Pesan Untuk Temanten

Woko Utoro  Beberapa waktu lalu saya diminta oleh Widayanti untuk hadir dipernikahannya. Saya bilang tidak bisa, selain karena kesibukan tentu sebagai artis jadwal bookingnya mahal (kami pun tertawa). Widayanti adalah adik kelas kami sejak di MTs, Aliyah hingga kuliah. Kebetulan kami satu almamater yaitu Nurul Hikmah Squad baik di Gantar maupun Haurgeulis. Singkat kisah Widay sapaan akrabnya mengabari saya jika ia pamit untuk menikah.
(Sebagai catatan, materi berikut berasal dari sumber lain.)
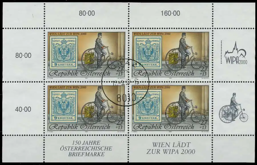 27S + 13S Wert aus der Ausgabe WIPA 2000 von 1997 im Kleinbogen (ÖS 160 = 12 Euro PP)
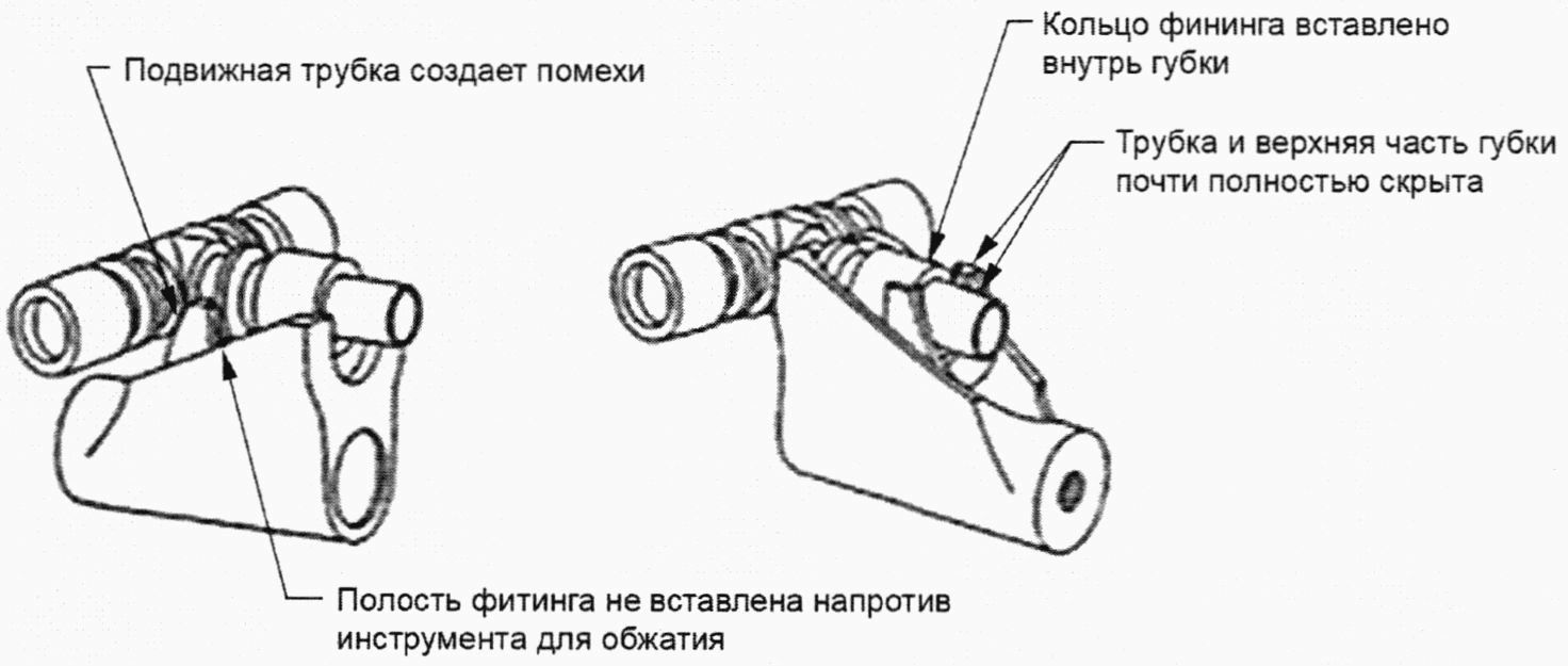 Фитинг должен надлежащим образом устанавливаться вглубь инструмента. Недостаточная глубина установки фитинга в инструмент может вызвать повреждение губок из-за чрезмерной нагрузки и привести к преждевременной поломке губок инструмента.

Saya bilang oke ndak papa, semoga lancar dan berkah. Lantas ia pun langsung meminta agar saya memberi nasihat. Tanpa berlama-lama saya pun menuliskan spesial buatnya. Dan memang hanya itu yang saya mampu. Pesan ini tentu tidak hanya untuk Widay tapi semua orang dan saya secara pribadi. Pertama,  berkaitan dengan nikah sudah jelas yaitu bertujuan untuk mengikuti sunnah Nabi-Nya. Melahirkan generasi terbaik dan tujuan menggapai ridha Allah SWT. Tidak ada pesan lain kecuali segala sesuatu bersandar kepada Allah SWT. Kedua , saya dapat pe...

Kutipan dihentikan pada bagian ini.